- Required work
What is needed is an exact copy of the listing, with no pictures in it.

- Supplied information

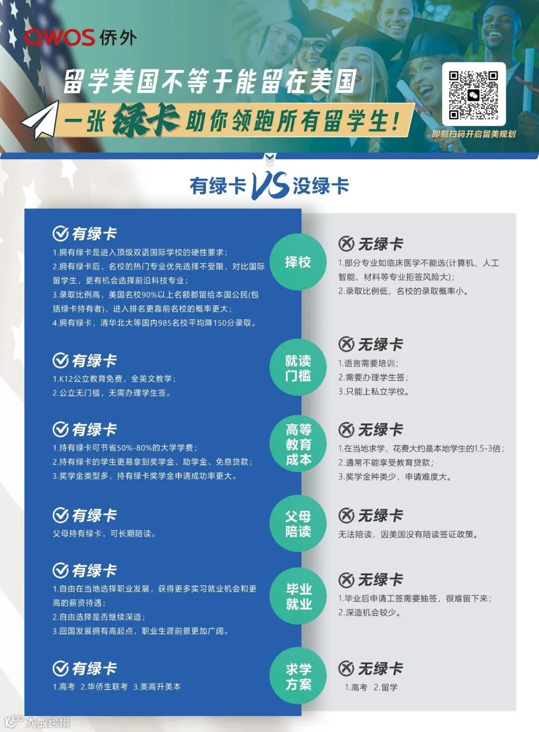 因此,对那些真正计划长期留美、志在顶尖教育的家庭而言,应抓紧时间完成美国身份规划,让子女尽早手握绿卡。
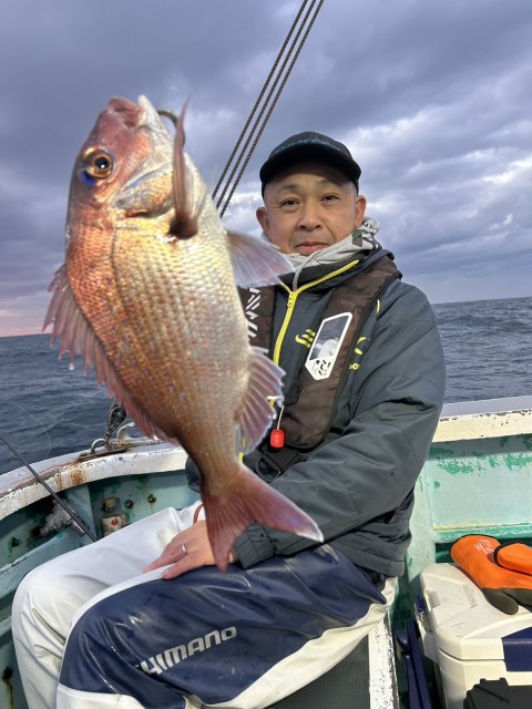 朝一から順調に型があり1キロサイズや中鯛も混じりました。外道でマハタ、カサゴ、イサキ、カンダイ、ウマ混じる。水温15.5度。薄濁り。
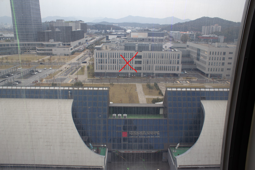 the X marks the approximate location where "The Second Chimney" was built. The present building, from around 2015, is a scientific research facility. The photo was taken from the "Tower of Great Light" on November 5, 2023.
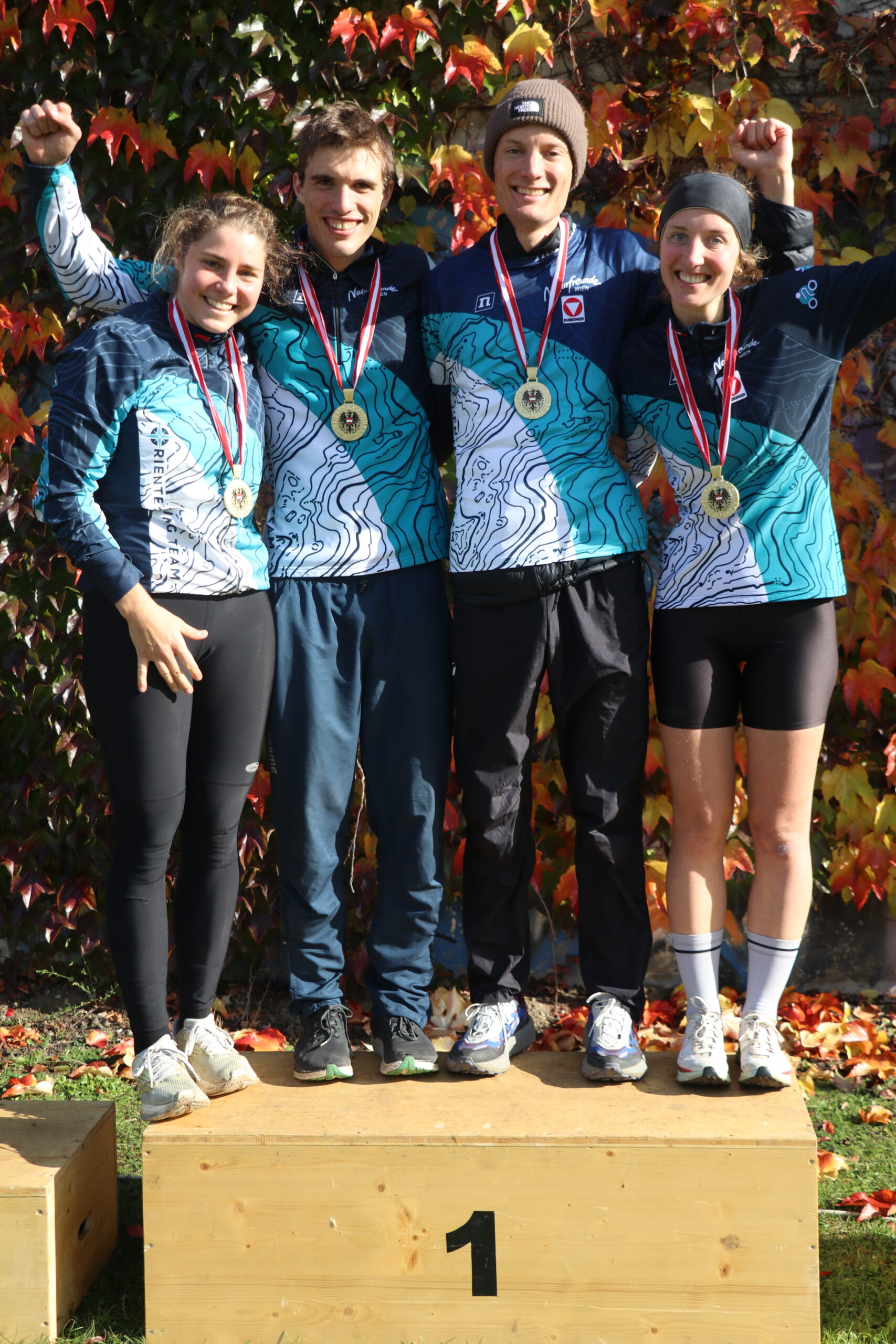 Kaum war am 18. Oktober 2025 im Regierungsviertel von Sankt Pölten der Einzel-Sprint erledigt, stellten sich die rund 400 angereisten sportlichen Abgeordneten bei den österreichischen (Staats)Meisterschaften in der Mixed-Sprint-Staffel zur (Wieder)Wahl. Stärkste Partei an diesem Nachmittag im politischen Zentrum Niederösterreichs war unser Verein. In der Staatsmeisterschaft hatten wir mit Jasmina, Erik, Nico & Ylvi (Gold) und Tina, Flo, Fabian & Anika (Bronze) auf dem Podest die absolute Mehrheit.

- Task response
 因此,对那些真正计划长期留美、志在顶尖教育的家庭而言,应抓紧时间完成美国身份规划,让子女尽早手握绿卡。
 朝一から順調に型があり1キロサイズや中鯛も混じりました。外道でマハタ、カサゴ、イサキ、カンダイ、ウマ混じる。水温15.5度。薄濁り。
 the X marks the approximate location where "The Second Chimney" was built. The present building, from around 2015, is a scientific research facility. The photo was taken from the "Tower of Great Light" on November 5, 2023.
 Kaum war am 18. Oktober 2025 im Regierungsviertel von Sankt Pölten der Einzel-Sprint erledigt, stellten sich die rund 400 angereisten sportlichen Abgeordneten bei den österreichischen (Staats)Meisterschaften in der Mixed-Sprint-Staffel zur (Wieder)Wahl. Stärkste Partei an diesem Nachmittag im politischen Zentrum Niederösterreichs war unser Verein. In der Staatsmeisterschaft hatten wir mit Jasmina, Erik, Nico & Ylvi (Gold) und Tina, Flo, Fabian & Anika (Bronze) auf dem Podest die absolute Mehrheit.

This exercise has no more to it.